Here’s the timeline for battery commercialization

battery commercialization timeline

Image from Benchmark Mineral Intelligence

 

For a product that is so well known and commonplace in today’s world, it can be a surprising fact to some that batteries are still a young and, so far, neglected industry.

After seeing portable technology take-off in the last decade with the boom in the adoption of smartphones and tablet computers, the batteries that power these devices have largely been overlooked. The research and development focus on power storage has been significantly less than the technology being powered.

Benchmark Mineral Intelligence has identified four distinct phases of market commercialization for batteries which shows how this could be about to change.

Phase 1: 1969 to early-1990s

The first-true commercialized battery was introduced with the advent of the quartz watch in the late 1960s, a revolutionary design which saw a mercury battery power a quartz crystal resonator. In the same era, lead acid batteries in cars were also taking off.

Phase 2: Late 1990s to 2006

It took another two decades before a second generation of markets developed with power tools, mobile phones, and personal music players (Sony Walkman) in the mid-to-late 1990s. This sparked the rise of the rechargeable battery where lithium-ion and nickel metal hydride chemistries were competing.

Phase 3: 2006-2016

We, in Benchmark’s opinion, are in a third phase of battery commercialization which has seen mass market, global adoption of battery powered technologies.
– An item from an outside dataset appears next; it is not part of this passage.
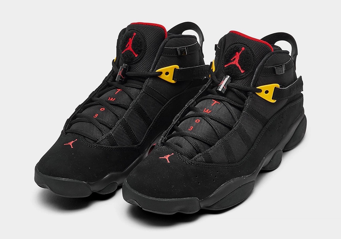 Sur une base ressemblant à la Air Jordan 11, cette Air Jordan 6 rings « Last shot » empreinte donc une palette identique à celle de la paire portée portée par MJ lors de ce moment historique. Avec une tige habillée de nuances de noir, des œillets jaunes et quelques touches de rouge vif, sur le « Jumpman » ou à l’intérieur de la languette. L’ensemble est sobre, mais efficace !

This has been driven by smartphones, tablets, laptops and hybrid vehicles.

It has also seen lithium-ion overtake nickel metal hydride as the favoured battery chemistry.

Phase 4: 2017 onwards

By 2017, Benchmark expects to see a fourth phase of battery commercialization emerge. As the sector gears up for significant new battery supply from megafactories in the US and China, in addition to new supply from Japanese are South Korean manufacturers, new lower cost output of lithium-ion cells will hit the market.

This will likely see increased uptake from electric vehicles and off-grid stationary (utility) storage which will use significantly larger batteries than those in Phases 1-3.